Литмир - Электронная Библиотека

Мамино лицо было бледным, взгляд – отсутствующим, а соленый вкус на губах возвращал к удушающей мысли.

– Ее больше нет.

– Как это случилось?

– Ты с дороги. Проходи, у нас будет много времени.

Мама не плакала. Нет. Как и я. Когда не видишь – не осознаешь. До последнего момента я не знала, смогу ли бросится в безответные объятия, но перешагнув порог спальни, поняла – ее здесь нет.

– Но она не болела! – я все еще держалась, но голос становился громче и был близок к истерии.

– Врачи не говорят точно. Мы запретили… Ну, ты поняла, о чем я. Не хотим, нет. Не нужно издеваться. Скорее всего, тромб. Он оторвался. Сердце. Маша стучала в окна, люди услышали, поднялись наверх и рассказали, как открыть дверь.

Маше шесть лет. Это моя сестра, и что ей пришлось пережить – мне страшно представить. Мурашки пробегали от одной мысли: «Как маленький ребенок увидел собственными глазами смерть?» Машу увезли к дяде. Говорят, она ничего не спрашивает о бабушке, играет с игрушками, и улыбка не сходит с ее лица. Она уверена, что бабушка еще сотни раз выйдет с ней на прогулку, испечет пирог с абрикосовым джемом и слепит вишневые вареники, самые пышные и самые сочные. Таких больше никогда и никто не сделает.

– Завтра в двенадцать часов ее привезут. Будут самые близкие.

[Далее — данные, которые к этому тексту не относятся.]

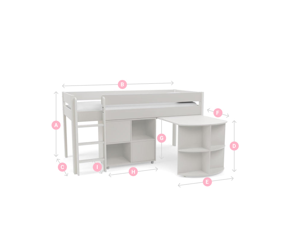 Introducing the Uno 1a White Mid-Sleeper Frame, featuring a convenient pull-out desk and a versatile cube unit—an excellent addition to your child's bedroom. This carefully designed frame enhances the space with its clean and timeless aesthetic.

Наверное, и коллеги, мы уже сообщили.

Слезы текли ручьем. От услышанного меня бросило в пот, затем едва ощутимая дрожь «прошлась» от кончиков пальцев рук через все тело – до стоп. Мне казалось, что сейчас эта дрожь должна «выйти», но она накатывала с новой силой, а губы от соленых слез стали слишком разбухшими и слишком безобразными.

Я вспомнила, как ты говорила мне: «У царя Соломона был перстень, а на нем надпись: «И это пройдет»». Ба….. Бабушка, родная моя! Но, ведь это не пройдет никогда! Раны не заживают. Они зарубцовываются.

Этот день был как в тумане. Я видела много лиц. Знакомых и абсолютно незнакомых. На всех был отпечаток боли и сопереживания. И только на ее лице – спокойствие и легкая улыбка. Много солнца и тепла в награду за твою заботу, которой ты окутывала всех нас.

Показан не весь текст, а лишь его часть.